The morning of Aaron’s death, I was playing host to Alex, my visiting doctor friend from Scotland. Sitting on the foot of the guest room bed, I was talking with Alex, who was laying under the sheets. I do not remember anything we were talking about right before the call, but it must have been about our trip to Hollywood the day before. Since this was Alex’s first time to Southern California, I wanted to make sure he got to see all the good (the weather; the beaches) and the bad (grimy Hollywood; traffic galore) of where I call home. He had been staying with me for eight days when I got the call from Bob regarding Aaron. I know that recalling certain events, especially under the pressure of extreme fear, grief and confusion, can be a little bit fuzzy at best. My favorite crime shows will tell me that 60% of what a witness actually recalls seeing is muddled by a host of mental, physical and arbitrary circumstances. Kinsey Millhone, Sue Grafton’s fascinating detective in the Alphabet Mystery Series, has always dealt with unreliable (or surly) witnesses.

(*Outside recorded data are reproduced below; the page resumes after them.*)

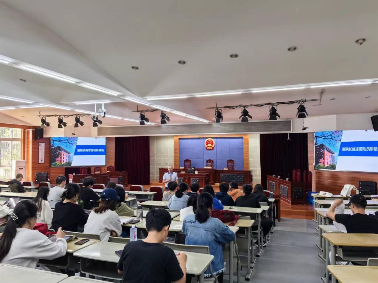 1011日,法学院、纪检监察学院召开2025年考研动员会,学院党委副书记汪启思、副院长施志源、优秀校友吴雯、优秀研究生代表以及2025届考研学生参加。会议由汪启思主持。
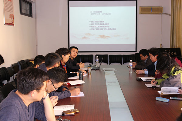李升学为大家上了《井冈山斗争与井冈山精神》的专题党课,他从井冈山斗争的基本概况、井冈山斗争在中国革命史中的历史地位与作用、井冈山精神及其时代意义三个方面讲解了井冈山斗争与井冈山精神。井冈山斗争在中国革命史中的历史地位与作用主要表现为五个方面:一是建立了全国最为成功最为典范的第一块农村革命根据地;二是找到了一条中国式的革命道路;三是第一次提出了我党“在斗争中创造新局面”的思想路线;四是第一次解决了农民的土地问题;五是积累了党政军建设的丰富经验。井冈山精神是以毛泽东为代表的老一辈无产阶级革命家,在探索中国特色革命道路时形成党性、作风的体现,是世界观与方法论,是对井冈山革命根据地的历史解释和理论解释。井冈山精神是中国革命精神之源,是中国共产党精神的原点,其精髓就是“坚定信念、敢闯新路”。井冈山精神的时代价值体现在四个方面:一是建设中国特色社会主义,依然需要坚定理想信念,保持共产党员的先进性;二是建设中国特色社会主义,依然需要坚持实事求是的思想路线,拥有敢闯新路、勇于胜利的胆识、气度;三是建设中国特色社会主义,依然需要依靠群众,执政为民,真心实意地为群众谋利益;四是建设中国特色社会主义,依然需要艰苦奋斗、反腐倡廉,保持旺盛的革命精神。当前我们弘扬井冈山精神,就是要有坚定的无产阶级党性、优良的传统作风、坚强的组织纪律。
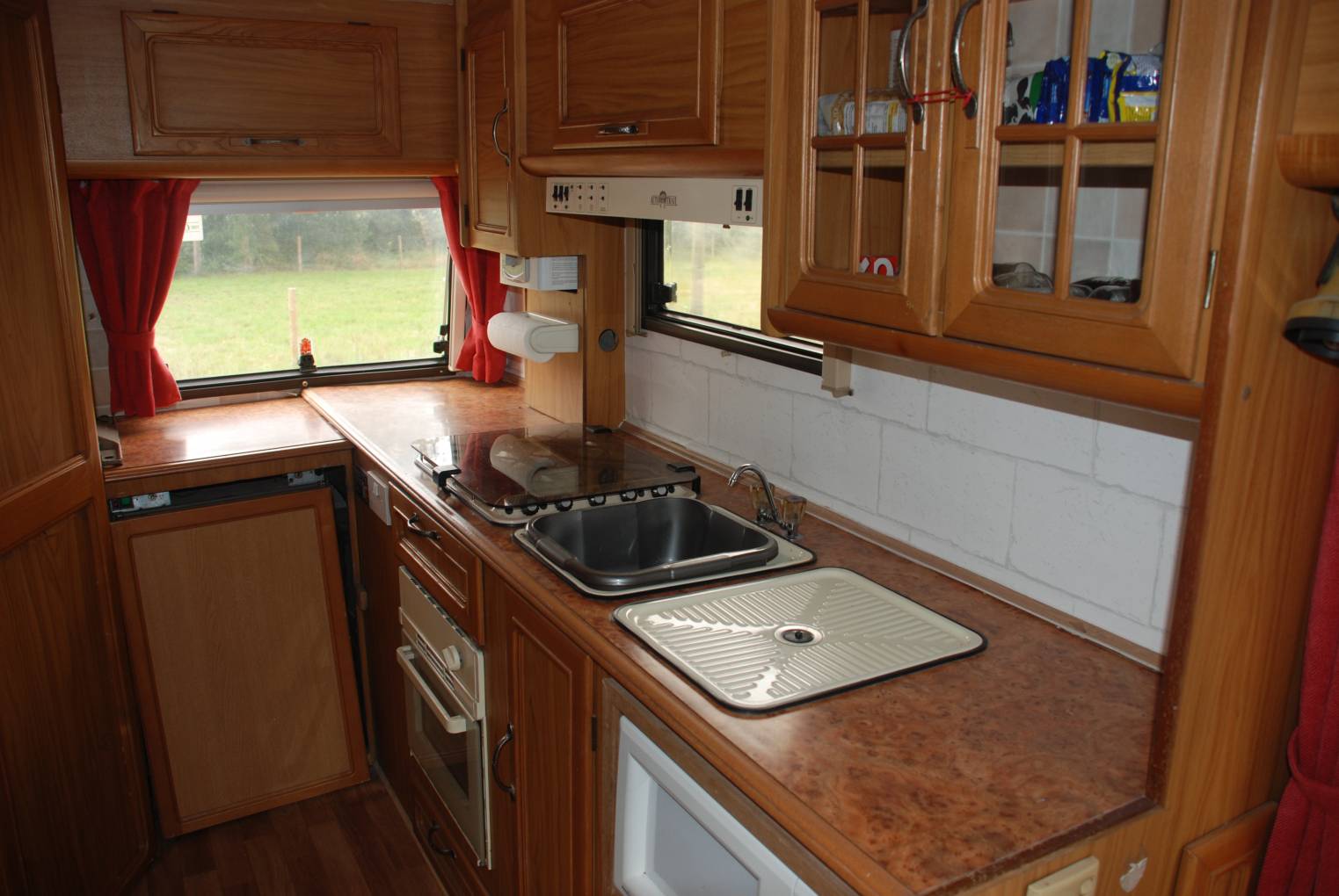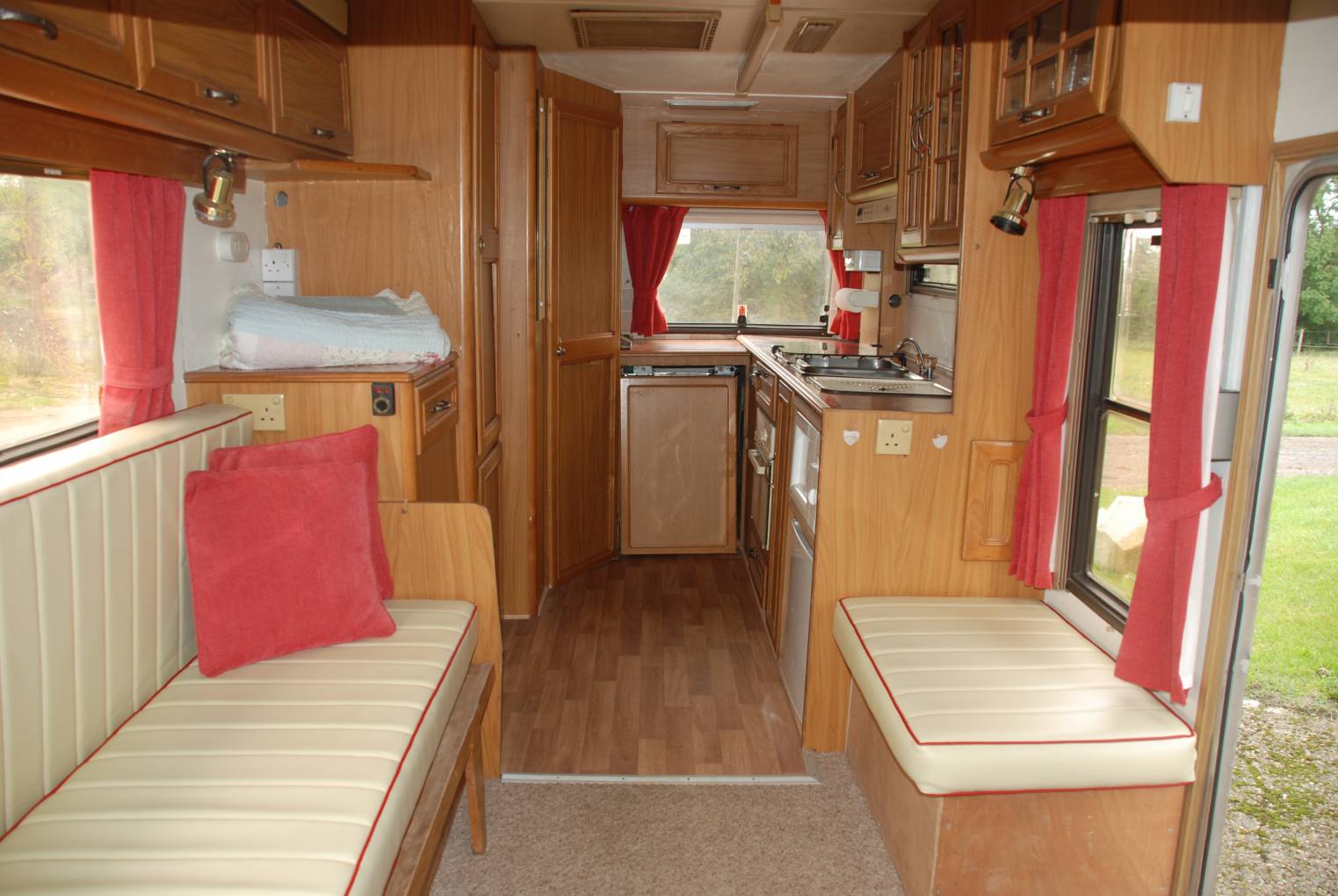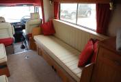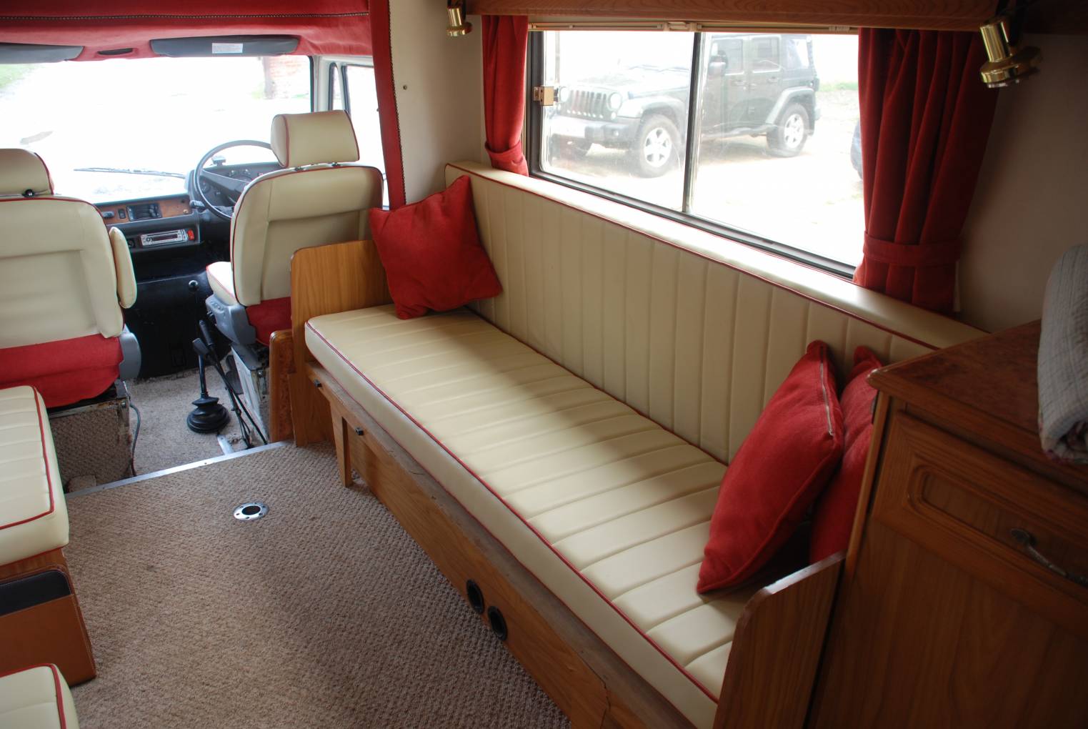 On entering the living area you will find all the seating including driver and passenger seats have been carefully re-upholstered in fetching cream with red piping, faux leather finish. There are corresponding matching red curtains and soft furnishings, together with fresh complimenting carpets. This central area is ready to convert to sleeping accommodation in addition to the over cab double.
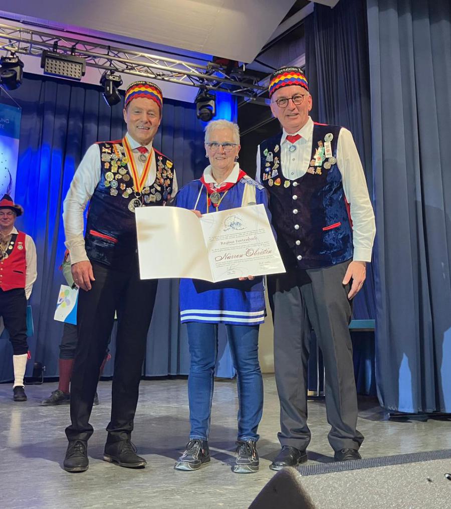 Vom Narrenverein Burg Rosenegg bekam dieses Jahr Regina Fortenbach die Ehrung für ihre Verdienste für den Verein.Viele lange Jahre hatte sie die Finanzen des Vereins erst als dritte und bald als erste Kassiererin in ihrer Hand, strickte nebenher noch die Vereinskappen , bewirtete die Musiker am schmutzigen Dunschtig und war überall da zur Stelle , wo die Vorstandschaft sie brauchte. Bereits als einjähriges Kind war sie in der Rattengruppe, deren Leiterin sie im Erwachsenenalter dann auch wurde.
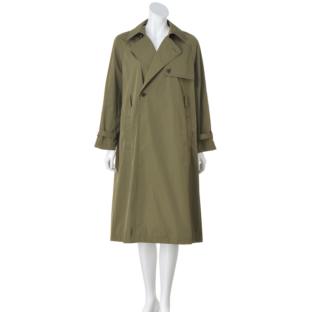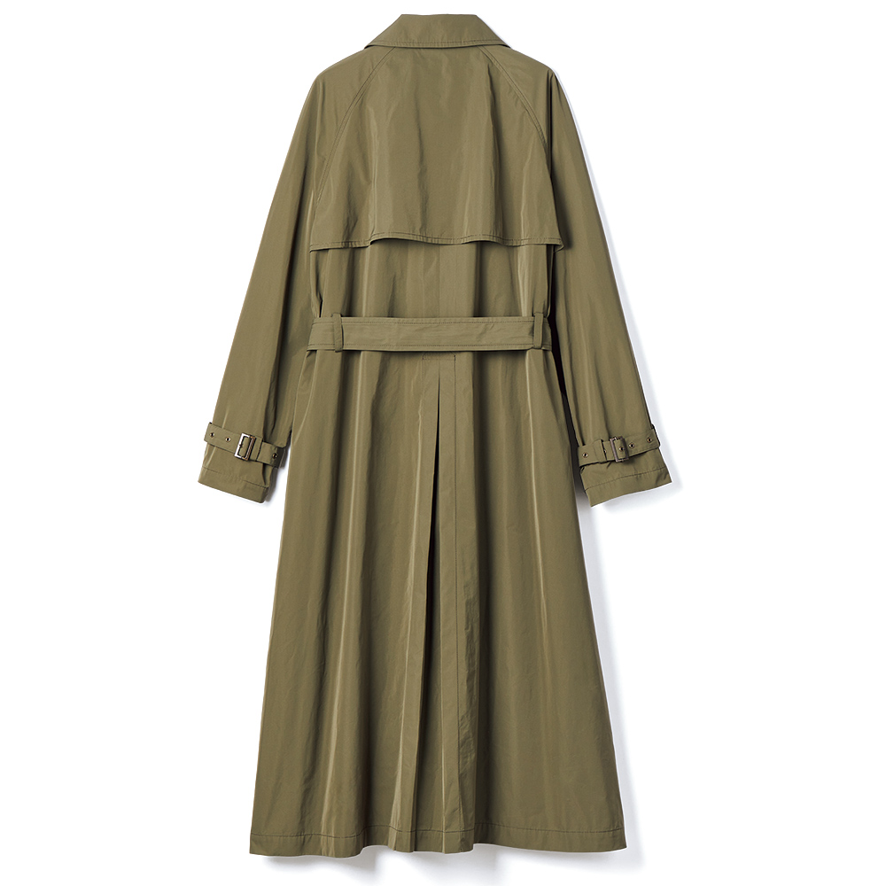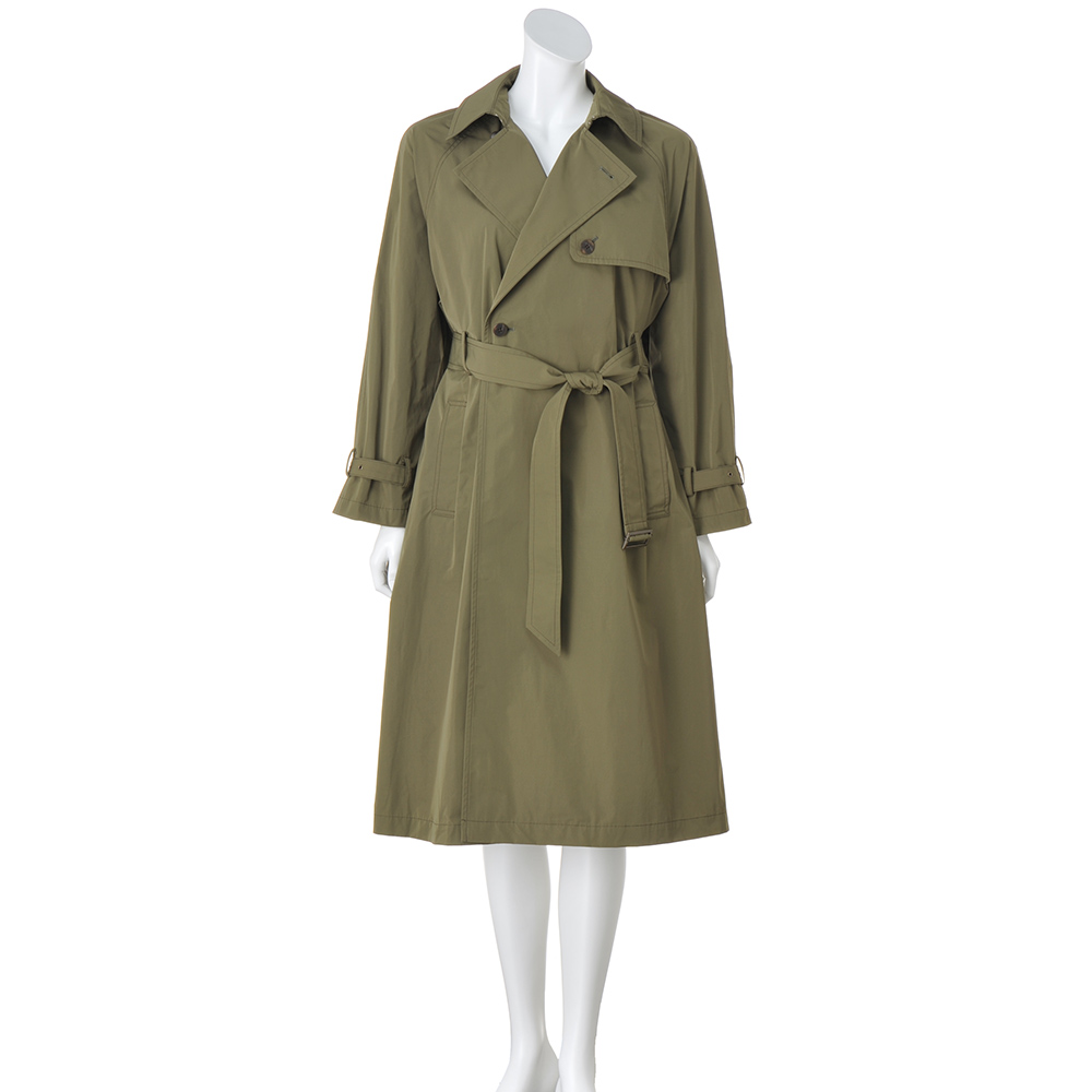 こなれ感トレンチで颯爽と旅立って旅のアウターは快適さと機能性が前提。さらに着回しやすく知的なムードを加味したライトコートを誂えました。デザインは、羽織れば装いが決まる“正統派”トレンチ。「帝人フロンティア(株)」の開発素材SYNEX(R)を使用したタフタ地がしなやかな着心地で、ニュアンスのある表情とスタイルが決まる張り感が魅力です。軽やかな一枚仕立ては、アクセントにステッチを走らせて丁寧な仕立てをアピール。胸元のガンパッチにラグランスリーブ、後ろのアンブレラヨークやインバーテッドプリーツを備え、どの角度からも端麗な印象です。≫ POINTはっ水素材と思えないほどしっとりとした表面で、優雅に見映えるSYNEX(R)のタフタ素材。

But, I’m sure any real life detective will have heard a gazillion times before, but I remember the morning of September 28. My phone vibrated at 6:00 am with Bob’s picture displaying on my iPhone. It was weird to have him call me, especially that early, so I answered. “Bryan, it’s really bad. It’s really, really bad” was what he told me first. I guess I should stop for a second to mention that none of this is easy to write about. I’m a writer, and I’ve written about a ton of difficult situations. But they were always someone else’s situation. Never my own. Never about my own twin brother’s early death. Bob spoke to me for a few more minutes: Aaron was unconscious, being transported to the hospital, with Bob in tow. I called mom and dad, perpetuating that idea that calls happening after midnight but before 7:00 am are never about good news. Having mom pick up that phone in San Mateo, California, some 350 miles away from me, and telling her that Aaron might not survive this whatever the fuck happened to him, haunts my mind to this day. She hung up with me, called Bob where the doctor at the hospital told them both that my brother had died. Mom called me to tell me and I hung up and crawled into Alex’s bed.